**Source data:**

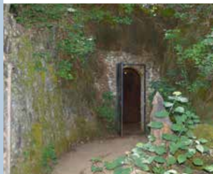
Cave Spring Cave

Tour tip: Request the Outdoor Adventure Guide from the Rome-Floyd Visitor Center for a map of Rome's extensive green and blue trail systems to view the bridge by foot or by water.
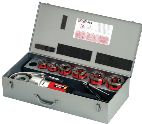
Model 690-I Power Drive
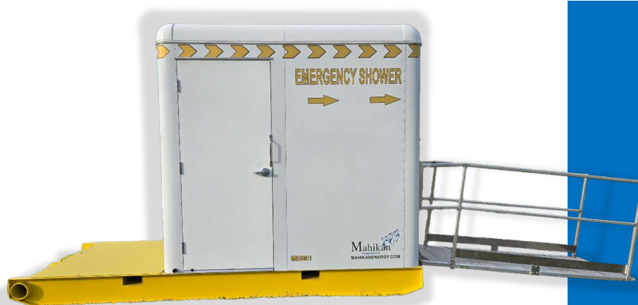
Set Up without optional Generator Package
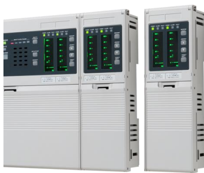
Indicator unit (2-channel)
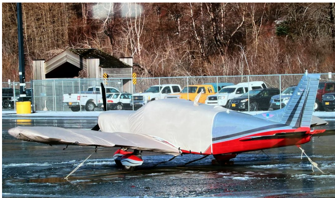
PA32-260 Extended Canopy/Engine & Wing Covers

WINTER USE MATERIAL - Made with Solution-Dyed Polyester fabric, this option is intended for seasonal use to aid in deicing, rain mitigation, or for occasional travel. The material is lighter and more compact, but more susceptible to UV damage and may have a shorter useful life if used continuously outside than the all-year use material.
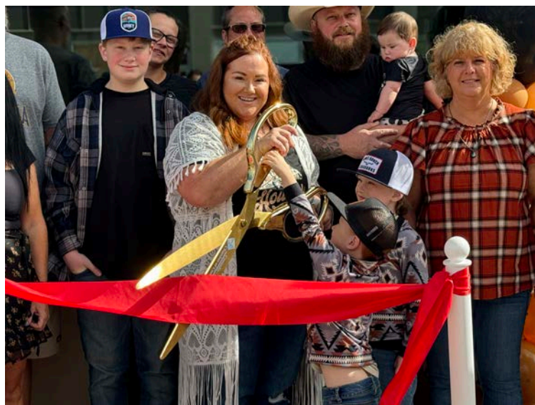
Country Chic Baby Co. was welcomed to our community with long lines and eager customers. Even before the ribbon was cut to officially open their store, there was a significant line of excited folks ready to get their country chic on. What was once a small, online-only business has now blossomed into a full-blown brick-and-mortar storefront.
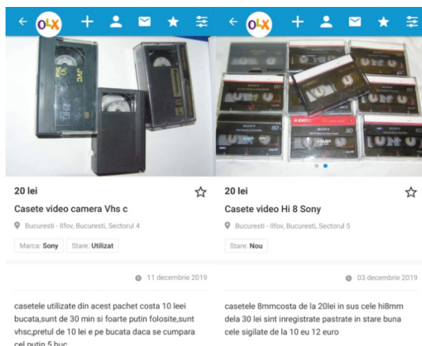
Fig. 5: Classified for Hi-8 tapes on the Romanian e-commerce platform OLX, mentioning their price, brand, and length.

in the online ad, and a large number of the sellers do not know the content of the tapes. What they do know is the social trajectory of their merchandise, the place where the tape was purchased and the conditions under which it was stored. Usually, the only information about the recorded contents is limited to the few words written on the sleeves or the tapes themselves – when they are not erased by the seller, in order to give the object the newest possible appearance (Figures 5, 6).
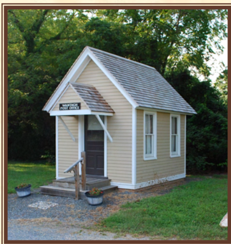
Wantagh's Original Post Office Sporting a New Roof

**Work required:** With every picture left out, print exactly the lines from the one containing "PA32-260 Extended Canopy/Engine & Wing Covers" through the final line of the material above.

**Response:**
PA32-260 Extended Canopy/Engine & Wing Covers

WINTER USE MATERIAL - Made with Solution-Dyed Polyester fabric, this option is intended for seasonal use to aid in deicing, rain mitigation, or for occasional travel. The material is lighter and more compact, but more susceptible to UV damage and may have a shorter useful life if used continuously outside than the all-year use material.
Country Chic Baby Co. was welcomed to our community with long lines and eager customers. Even before the ribbon was cut to officially open their store, there was a significant line of excited folks ready to get their country chic on. What was once a small, online-only business has now blossomed into a full-blown brick-and-mortar storefront.
Fig. 5: Classified for Hi-8 tapes on the Romanian e-commerce platform OLX, mentioning their price, brand, and length.

in the online ad, and a large number of the sellers do not know the content of the tapes. What they do know is the social trajectory of their merchandise, the place where the tape was purchased and the conditions under which it was stored. Usually, the only information about the recorded contents is limited to the few words written on the sleeves or the tapes themselves – when they are not erased by the seller, in order to give the object the newest possible appearance (Figures 5, 6).
Wantagh's Original Post Office Sporting a New Roof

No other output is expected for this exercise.